Rana neba
- Conservation status: Least Concern (IUCN 3.1)

Scientific classification
- Kingdom: Animalia
- Phylum: Chordata
- Class: Amphibia
- Order: Anura
- Family: Ranidae
- Genus: Rana
- Species: R. neba
- Binomial name: Rana neba Ryuzaki et al., 2014

= Rana neba =

- Authority: Ryuzaki et al., 2014
- Conservation status: LC

True frog species

Rana neba is a species of true frog that was discovered in 2014 using genetic analysis and bioacoustics. It is thought to have originated quite recently. It was previously considered a part of a subspecies of Tago's brown frog, but the population was distinct enough to be considered its own species. It is found approx. 1200 meters above sea level on Mt.
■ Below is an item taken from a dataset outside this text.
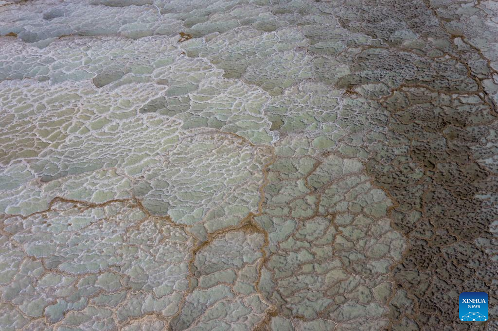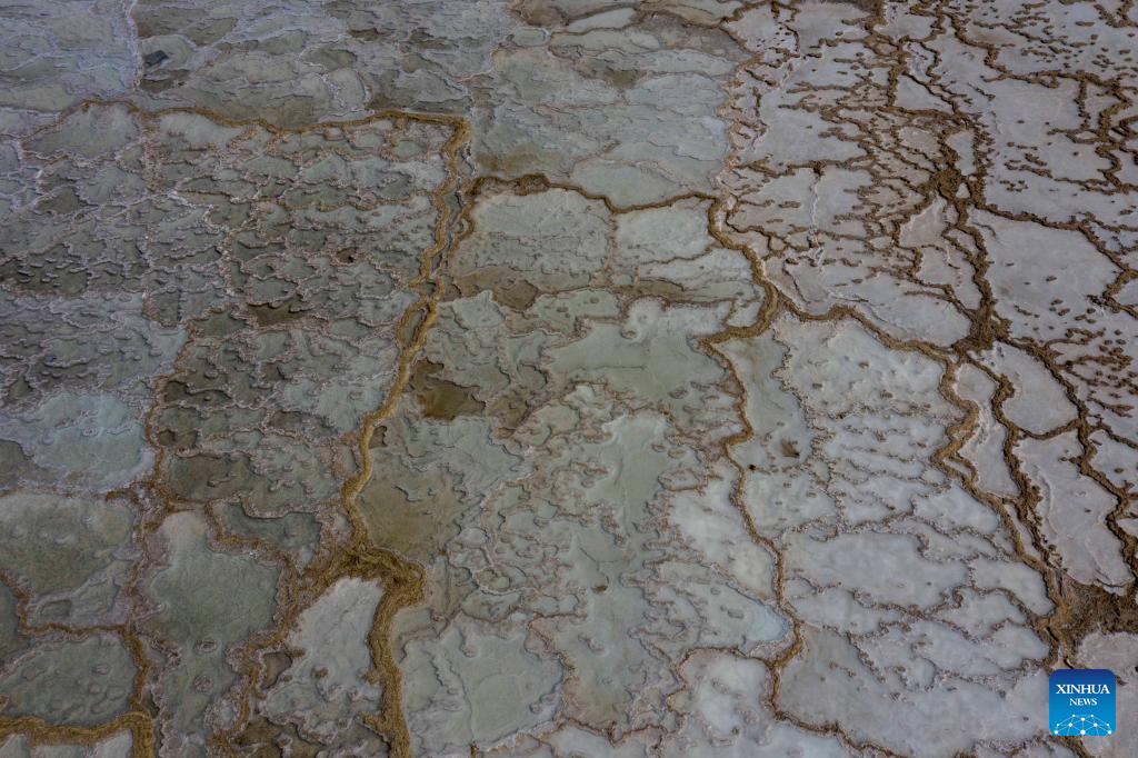 This aerial photo taken on June 20, 2023 shows salt formations in the northern part of the Dead Sea about 30 kilometers east of Jerusalem. The Dead Sea depends heavily on inflows from the Jordan River in the north to maintain its water level. In the past decades, farming and mineral extraction in the area are believed to have pulled out more water than can be refilled by natural means, posing ecological threats to the ever-shrinking salt lake.

Chausu, Japan, and in the surrounding area within a radius of 40 kilometers or less.

== Description ==
Rana neba is brown with black bands on the legs and black, somewhat triangular markings on its back and eyelids. The tympana (temples) are black. The throat and abdomen are greyish and speckled. The underside of its legs is not speckled but a consistent orangish color. Its call is higher pitched than its previously designated subspecies Rana tagoi tagoi, a subspecies of Tago's brown frog. The SVL of Rana neba is about 3.8–4.8 cm, and there is seemingly no sexual dimorphism in terms of SVL, only in minor measurements e.g. the thickness of the forearm.

== Etymology ==
The name Rana neba is derived from the village Neba-mura, Japan, which is within the distribution of Rana neba.